Closed TTitscher closed 3 years ago

TTitscher commented 3 years ago
ajafarihub commented 3 years ago

I sent the past comment through my other account (connected to the university). Sorry about it. Here you have the original one :).

Very nice! I see a lot of progress made, which I would need longer time to keep track of.

Maybe just a general remark at this point, which is unclear to my understanding. I would argue why we need to take care of the Jacobian according to the noise groups. This sounds somewhat unnecessary IMO. The reason is that, Jacobian is - by definition - related to the forward model and NOT to the model error which accounts for noise groups. I mean, the computation of Jacobian is normally performed regardless of having/missing any noise, and this is what a user could have done before defining any model-error. So, when it is already computed, why do we need to again somehow factorize and re-construct it based on noise groups ?

TTitscher commented 3 years ago

Jacobian is - by definition - related to the forward model and NOT to the model error

If the Jacobian is defined in the forward model, you can just call it in model_error.jacobian. But I already encountered an exception to your statement, namely when I defined the model error as

def __call__(...):
   model_response = self.model(...)
   data = self.database(...)
   return model_response - parameters["offset"] - data * parameters["factor"]

That means, that the derivative w.r.t. parameters["factor"] includes data. So I would not restrict the user too much here.

why do we need to again somehow factorize and re-construct it based on noise groups ?

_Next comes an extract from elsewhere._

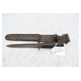 36. M1 Carbine Bayonet Converted to Fighting Knife w/Leather Sheath – Leather Sheath Inscribed “Smitty” On Front and Locations On Back
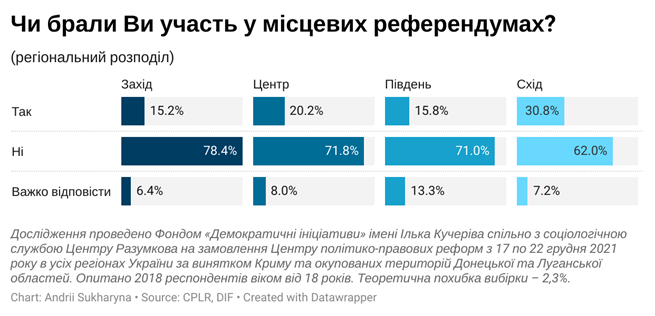 21% респондентів заявили, що брали участь у місцевих референдумах. Найвища частка таких людей на Сході – близько 30%. Загалом, можна припустити, що частина респондентів неправильно ідентифікували певні активності, як місцевий референдум. Вища частка мешканців Сходу, які заявили про те, що брали участь у місцевому референдумі може свідчити про участь частини людей у опитуваннях, які проводились на фоні військового конфлікту в 2014 році.

I am not sure if I get your point, this "factorize" confuses me ;) The model_error outputs its values sorted by keys, e.g. a "sensor_key". Thus, its Jacobian is a nested dict where the first key is also the "sensor_key", the second one is the parameter of the derivative. The noise stuff now collects (possibly) multiple "sensor_key" of different model_errors to a noise group. The corresponding jacobians are not split, just combined.

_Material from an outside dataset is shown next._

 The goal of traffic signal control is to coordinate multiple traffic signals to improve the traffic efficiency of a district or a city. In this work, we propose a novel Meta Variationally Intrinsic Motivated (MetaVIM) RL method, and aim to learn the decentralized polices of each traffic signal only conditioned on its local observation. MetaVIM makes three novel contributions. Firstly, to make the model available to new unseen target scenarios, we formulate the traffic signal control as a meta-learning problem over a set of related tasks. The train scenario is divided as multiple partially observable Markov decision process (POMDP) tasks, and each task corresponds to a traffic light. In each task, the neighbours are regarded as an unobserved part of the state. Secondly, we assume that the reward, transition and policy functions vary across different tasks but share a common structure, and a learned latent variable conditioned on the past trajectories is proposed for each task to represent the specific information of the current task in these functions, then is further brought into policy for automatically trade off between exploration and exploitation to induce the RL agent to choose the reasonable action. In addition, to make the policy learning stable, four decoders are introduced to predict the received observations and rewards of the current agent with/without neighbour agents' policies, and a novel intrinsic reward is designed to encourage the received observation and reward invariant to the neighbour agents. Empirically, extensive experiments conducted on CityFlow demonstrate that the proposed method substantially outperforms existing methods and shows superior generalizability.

ajafarihub commented 3 years ago

OK, in cases like the example you made, we can have different model-error's Jacobian than forward-model's. I never thought of such cases so far.

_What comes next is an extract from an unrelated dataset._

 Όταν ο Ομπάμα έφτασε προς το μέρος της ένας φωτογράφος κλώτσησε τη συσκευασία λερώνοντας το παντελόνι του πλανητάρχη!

What I meant by factorize was: to extract a particular segment (block) of the full Jacobian given a noise key. You most likely have a good reason/usefulness for such a possibility, but I was wondering why we would need it. So, hopefully I will realize it later on ;).

Maybe a good point to give another general remark (from a user's viewpoint and not only related to this issue): The interface has already become well facilitated with different potentials (like this nested dictionary of Jacobian concerning different noise groups, or considering multi-model-errors with shared latent parameters, or ... ). What I find very relevant in this regard is to design/develop all such options so that the default bahavior of the interface will not become too complicated at the user-level. For example, if a user has only one model-error with few parameters and one noise-group (practically, no input for it), the interface would not require him/her to deal with various unnecessary structures/definitions which are only relevant in more complicated situations.

TTitscher commented 3 years ago

to extract a particular segment (block) of the full Jacobian given a noise key. You most likely have a good reason/usefulness for such a possibility, but I was wondering why we would need it.

Those questions are a good guideline on what needs to be documented or shown in a tutorial later on.

The segments of the jacobian can be defined as

def jacobian(...):
    jac["OOB_forces"]["disp_field"] = Stiffness(...)
    jac["OOB_forces"]["prm2"] = ...

So they exist in this nested dict-structure. Right before "vb" is called, multiple Jacobians can be combined to a possibly large matrix as the VB input. So a particular segment or block is never extracted from a huge numpy-array, if that was your concern.